October 30, 2003|John O'Dell | Times Staff Writer

Honda Motor Co. said Wednesday that it would add numerous safety features as standard equipment, including front-seat side air bags, side-curtain air bags and anti-lock brakes, to most of its cars and trucks sold in the U.S. by 2006.

Only the company's limited-volume sports cars -- the S2000 and NSX -- plus its experimental fuel cell vehicle and the two-seat Insight hybrid will be exempted.

Honda also will introduce an improved crash-resistant steel frame as it rolls out new models in the next few years, said Dan Bonawitz, vice president for corporate planning at Torrance-based American Honda Motor.

The initiative, coupled with Honda's launch of a $30-million advanced crash test center in Raymond, Ohio, is aimed at propelling the No. 2 Japanese car brand in the U.S. into the same league as Volvo and Mercedes-Benz on the safety front.

"This will raise the bar," said Joan Claybrook, president of Public Citizen, a Washington-based automotive safety advocacy group. "It is great leadership" by Honda and the way things should be done by industry without waiting for government regulation, she said.

The added safety features are a smart move, said consultant George Peterson of AutoPacific Inc. in Tustin. Consumer research by his and other marketing firms, he said, shows that increasingly "safety sells."
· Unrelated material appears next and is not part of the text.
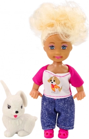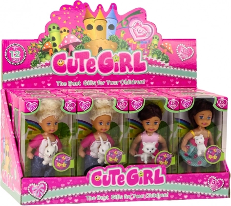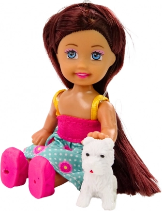 Deze kleine pop met een dierenvriendje zal elk kind dat van poppen en dieren houdt blij maken. Het lange haar is gemakkelijk te kammen en te stylen, en de kleurrijke kleding brengt extra plezier en afwisseling in het spel. Dankzij de compacte afmetingen zijn de pop en het diertje eenvoudig mee te nemen en perfect om thuis en onderweg mee te spelen.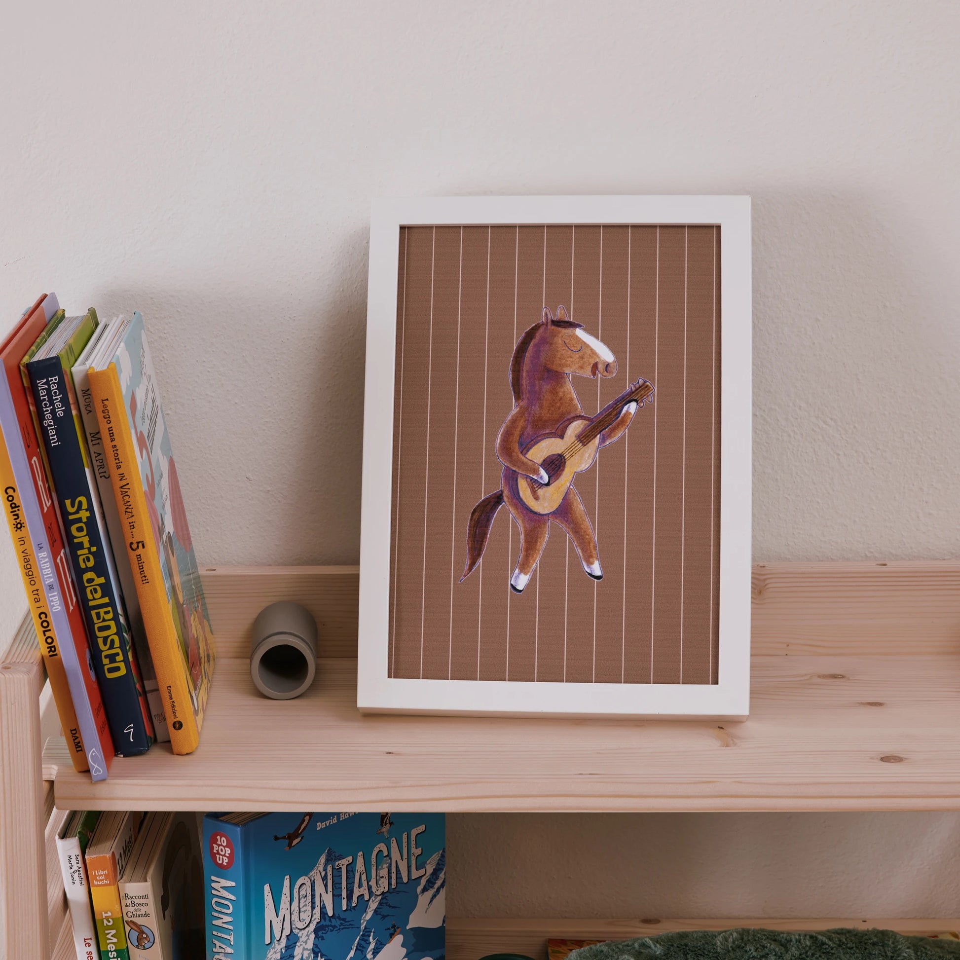 Stampate digitalmente su carta bianca leggermente goffrata da 300 grammi, le stampe Scopri la tua voce valorizzano ogni illustrazione con una resa materica elegante e naturale. I colori restano brillanti nel tempo, per accompagnare i bambini giorno dopo giorno.

Honda said its light trucks, such as the Odyssey minivan and Pilot and Acura MDX sport utility vehicles, would be outfitted with stability control systems and sensors to trigger side-curtain air bags in a rollover.

Honda also said it would step up safety research involving pedestrians with its advanced test equipment at the new Ohio center. And various safety systems already in use on more than 2 million Honda vehicles -- including shock-absorbing fenders and breakaway windshield wiper mounts intended to reduce head injuries when pedestrians are hit by vehicles -- will be applied to all new models.

Bonawitz said Honda had developed a "crash compatibility" frame that helps small vehicles better absorb and spread out the impact in frontal collisions with larger vehicles.

All new and redesigned models sold by Honda worldwide will be equipped with the frame, said Charlie Baker, American Honda's vice president for research and development.

Honda is among the industry leaders in crash safety, with five of its U.S. vehicles earning top ratings for front and side impact crash tests from the National Highway Traffic Safety Agency.

Bonawitz said the additional safety features could result in some modest price increases on some models.